The Commission’s rationale for blocking Maude’s plan is that it could have diluted the neutrality of the civil service. John Reid was on the Daily Politics a few minutes ago, arguing that the change would politicise senior civil servants. But those developing the reforms argued that it would simply allow a Secretary of State to choose someone they believed they could build an effective working relationship from the list of those already approved. Ministers still wouldn’t have the opportunity to sneak in someone who would compromise the political neutrality of the service, as all candidates would have been vetted.

Caroline Spelman spoke to Coffee House last week about the importance of giving ministers a say in the appointment process. It is something all three main parties support: this is, after all, a unique situation where they all have very recent experience of government or are currently experiencing government. Jack Straw told the Chamber in June that when he was a minister ‘the point I made to those departments was that if I was to take responsibility for the whole department and for the work of that permanent secretary, I needed to have some confidence in the individual at the official top of the organisation’.

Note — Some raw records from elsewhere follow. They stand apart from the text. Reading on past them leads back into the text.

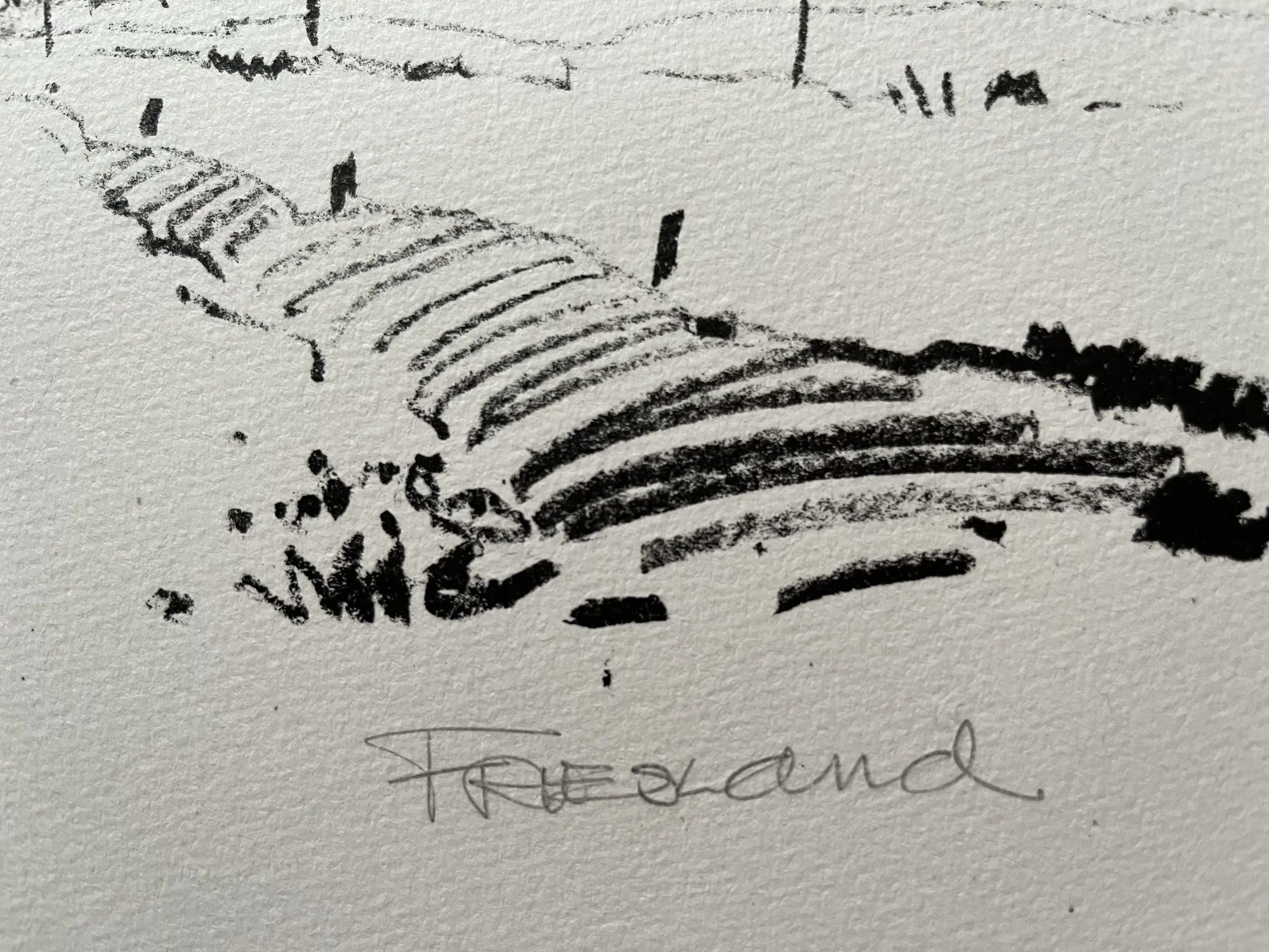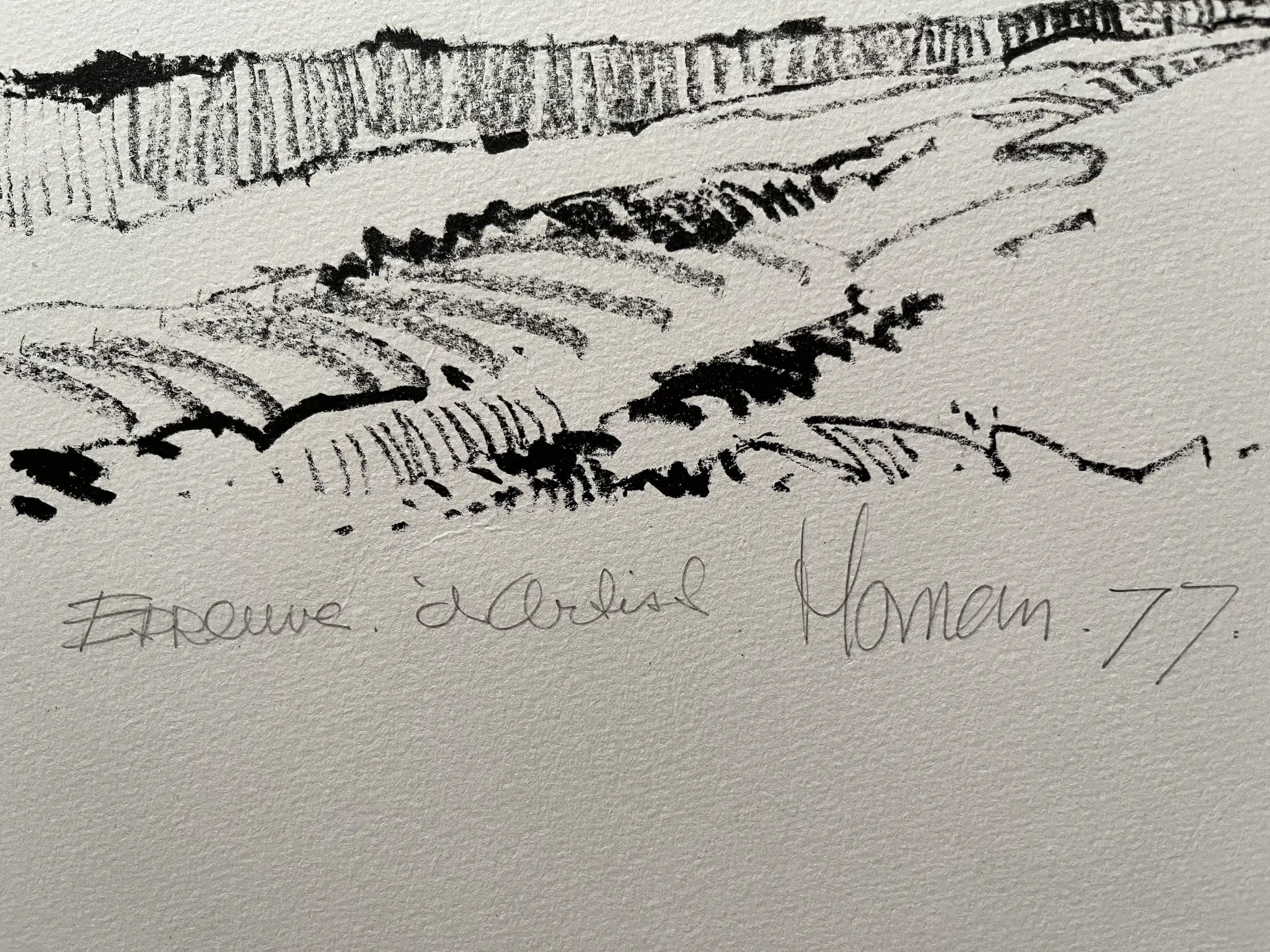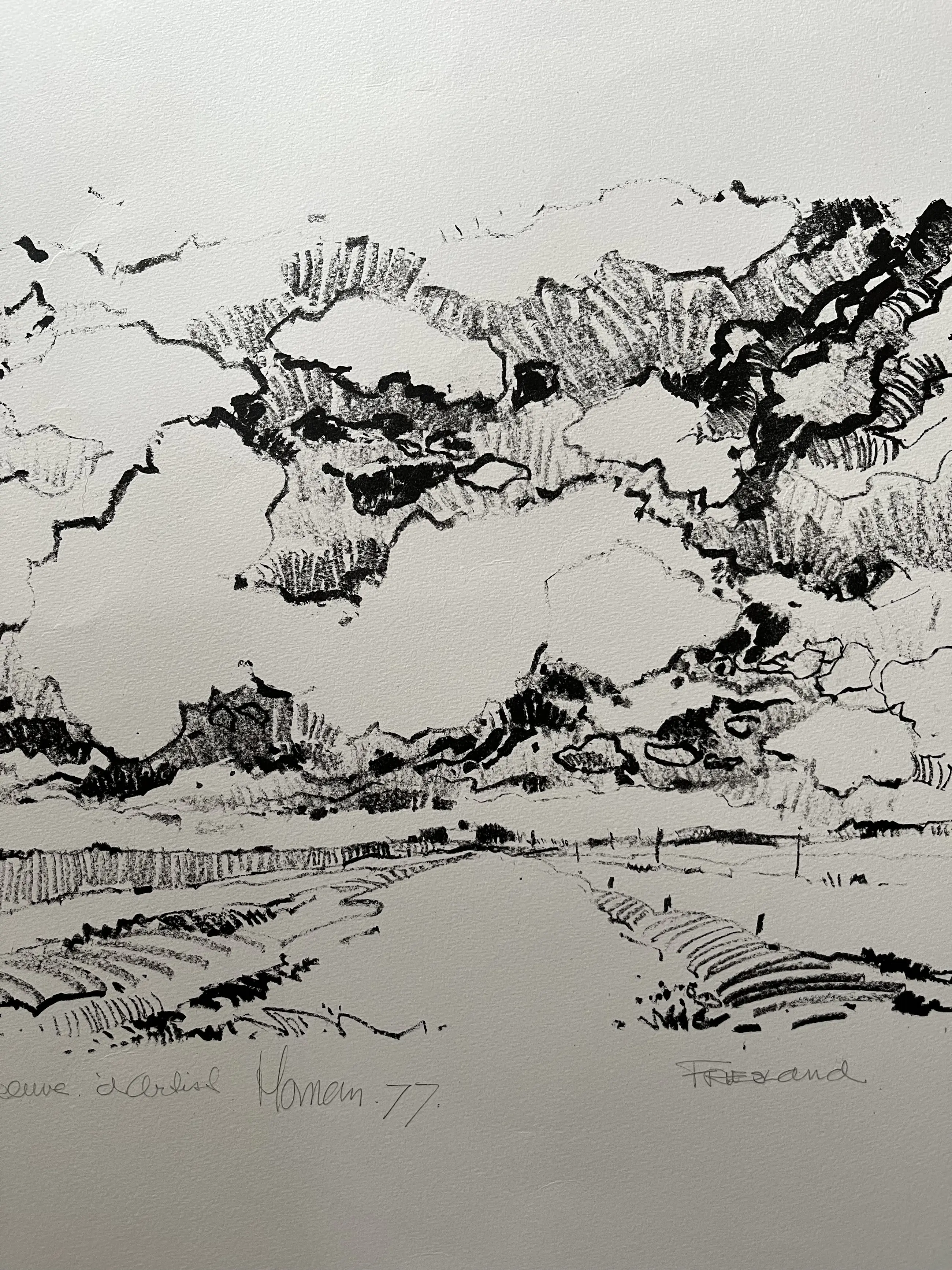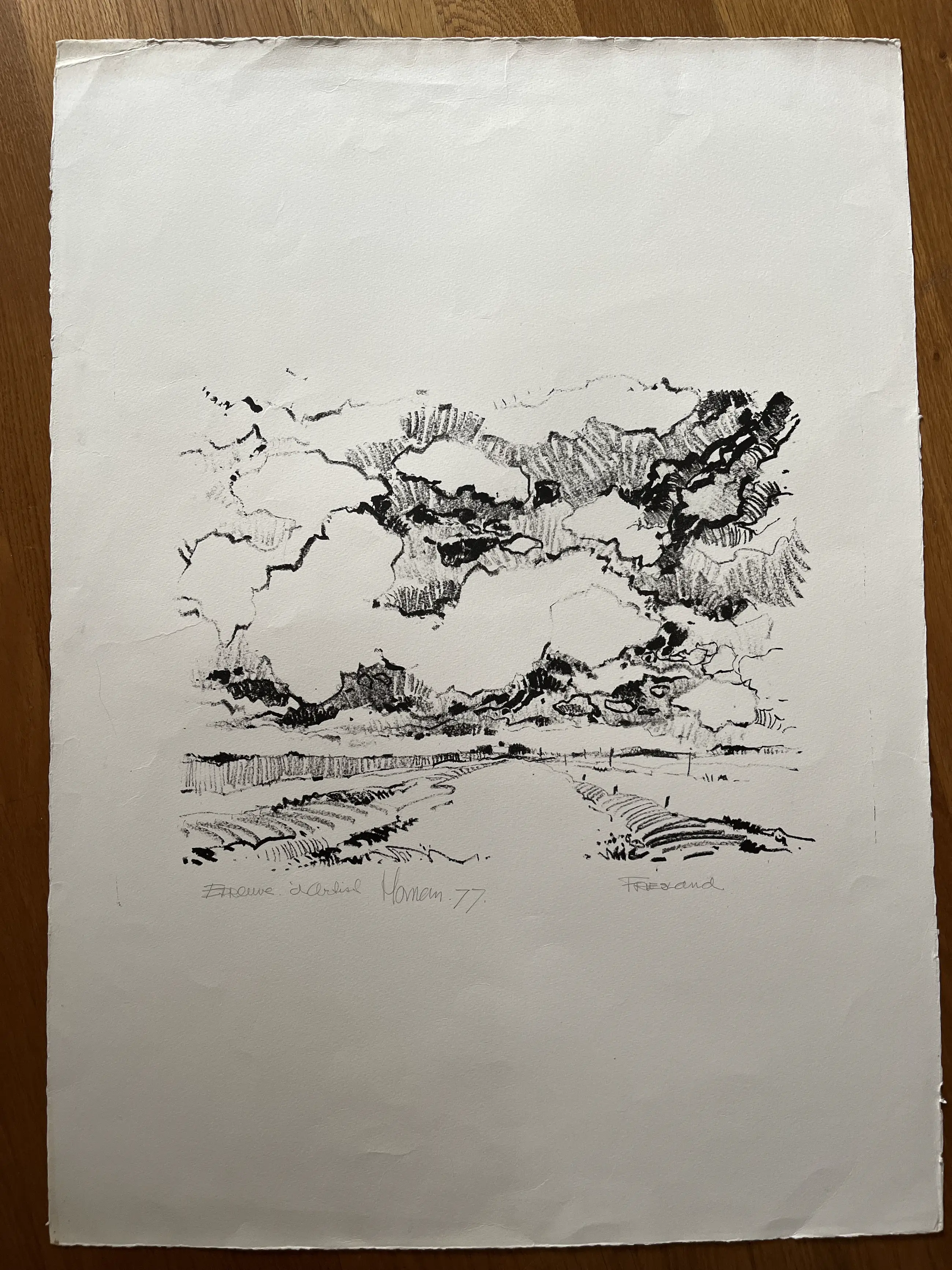 Grafiekblad uit 1977 getiteld : “Friesland”. Dit is een EP exemplaar. Blad is m.n. aan de randen wat gekreukt en een rand van 2 cm. aan bovenzijde is verkleurd. ( zie detailfoto’s)
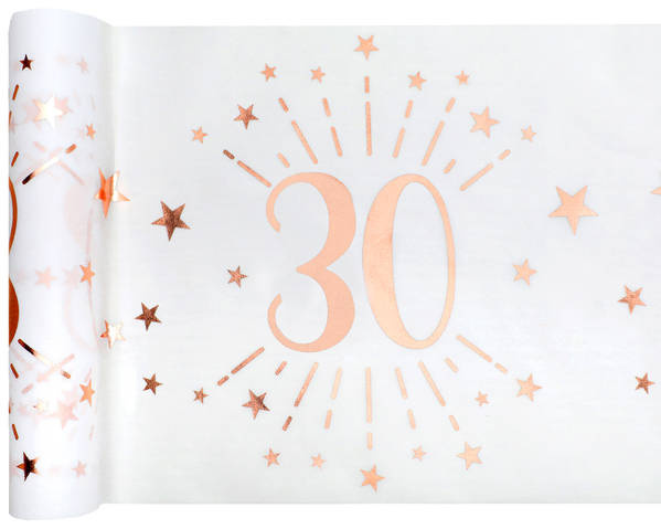 Nadruk w postaci liczby 30, gwiazdek i paseczków w kolorze różowego złota.
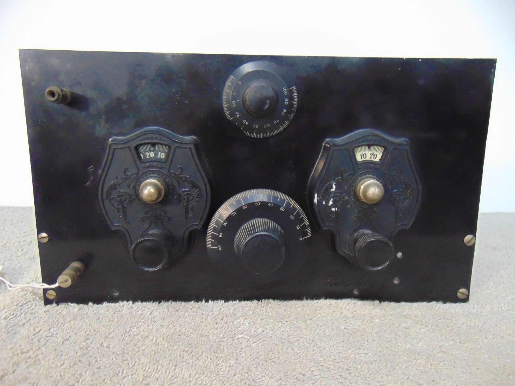 Two items: 1) one tube homebrew set; 2) homebrew crystal set, includes wood variocoupler

This is not actually a civil servants vs ministers row: those in the civil service are also keen to avoid situations where a personality clash meant the most senior civil servant in a government department wasn’t getting on with the most senior minster. But even on this, there are scars trailing down some backs. I understand that one Labour minister was once told that if they didn’t pick the preferred candidate for their permanent secretary, Whitehall would block everything they tried to do. The risk of having a permanent secretary thrust upon you as a minister is that they could act as a gum themselves.

The dilemma for Maude is whether he now waits to see how the next two appointments – the new Permanent Secretaries at DECC and the Home Office – work out, or whether he legislates to give ministers more power over appointments, against the Commission’s wishes.